PHOTOMSG = 'Now doing photo {:s} . . .'

def checkfileextension(basename):
    """
    With the basename of an image file
    returns True for jpg and false for
    anything else (png).
    """
    if os.path.exists(PATHX +

        PICTUREFILEFMT.format(basename, JPG)):
        return True
    else:
        return False

with open(PATHX + INFOFILE, 'r', encoding=UTF8) as finfo:
    for linex in finfo:
        newlineparts = [x.strip() for x in linex.split(COMMA)]
        photox = newlineparts.pop()
        print(PHOTOMSG.format(photox))
        # Check for jpg or png here
        # XXX - this could be better - could actually
        #       check and return actual extension;
        #       more code and lazy.
        extension = ''
        if checkfileextension(photox):
            extension = JPG
        else:
            extension = PNG
        with open(PATHX +

            PICTUREFILEFMT.format(photox,
                extension), 'rb') as fphoto:
            contents = binascii.hexlify(fphoto.read())
            liney = COMMA.join(newlineparts)
            liney += COMMA
            liney = bytes(liney, UTF8)
            liney += contents
            with open(PATHXOUT +

                ROWFILEOUTFMT.format(photox), 'wb') as frow:
                frow.write(liney)

print('\nDone\n')


The basic gist of the script is to get each photo name provided into a file that can be later imported into a table in Postgresql.  The paths in the capitalized "constants" would have to be adjusted for your situation (I tend to go overboard on capitalized constants because I'm a lousy typist and want to avoid screwing up and then having to debug my typos).  The INFOFILE referred to in the script has roughly the following format:

<column1data>, <column2data>, . . . , <photofilename>

So the idea is to take a comma delimited file, encode it in UTF-8, and stuff the binary data from the (correct) photo at the end as text.  I designed my database tables with photos (I use the column name "picture") with the text data column as the last - this is kind of a hack, but it made scripting this easier.
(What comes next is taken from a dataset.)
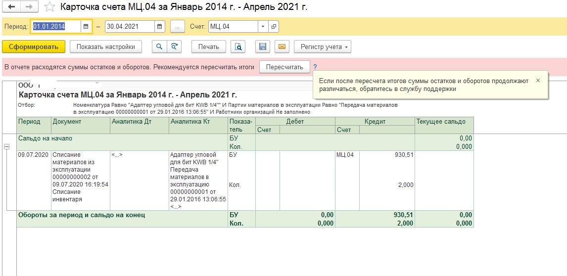Минусы есть. Откуда и почему - не понятно. Плюсов не вижу. В минус провалилась, сделала оборотку с 2014г. Там минуса нет. Есть списание. Программа пишет о несовпадении итогов. Выбираю перерасчёт. Но ничего не меняется.

An example of importing one of these "row" files into the database table from within psql:

$ psql hotrains carl
Password for user carl:
psql (9.4.1)
Type "help" for help.

hotrains=# \d
                List of relations
 Schema |          Name          | Type  | Owner
--------+------------------------+-------+-------
 public | rollingstockprototypes | table | carl
(1 row)

hotrains=# \d rollingstockprototypes
     Table "public.rollingstockprototypes"
  Column  |          Type          | Modifiers
----------+------------------------+-----------
 namex    | character varying(50)  | not null
 photourl | character varying(150) | not null
 comments | text                   | not null
 picture  | text                   | not null
Indexes:
    "rsprotoname" PRIMARY KEY, btree (namex)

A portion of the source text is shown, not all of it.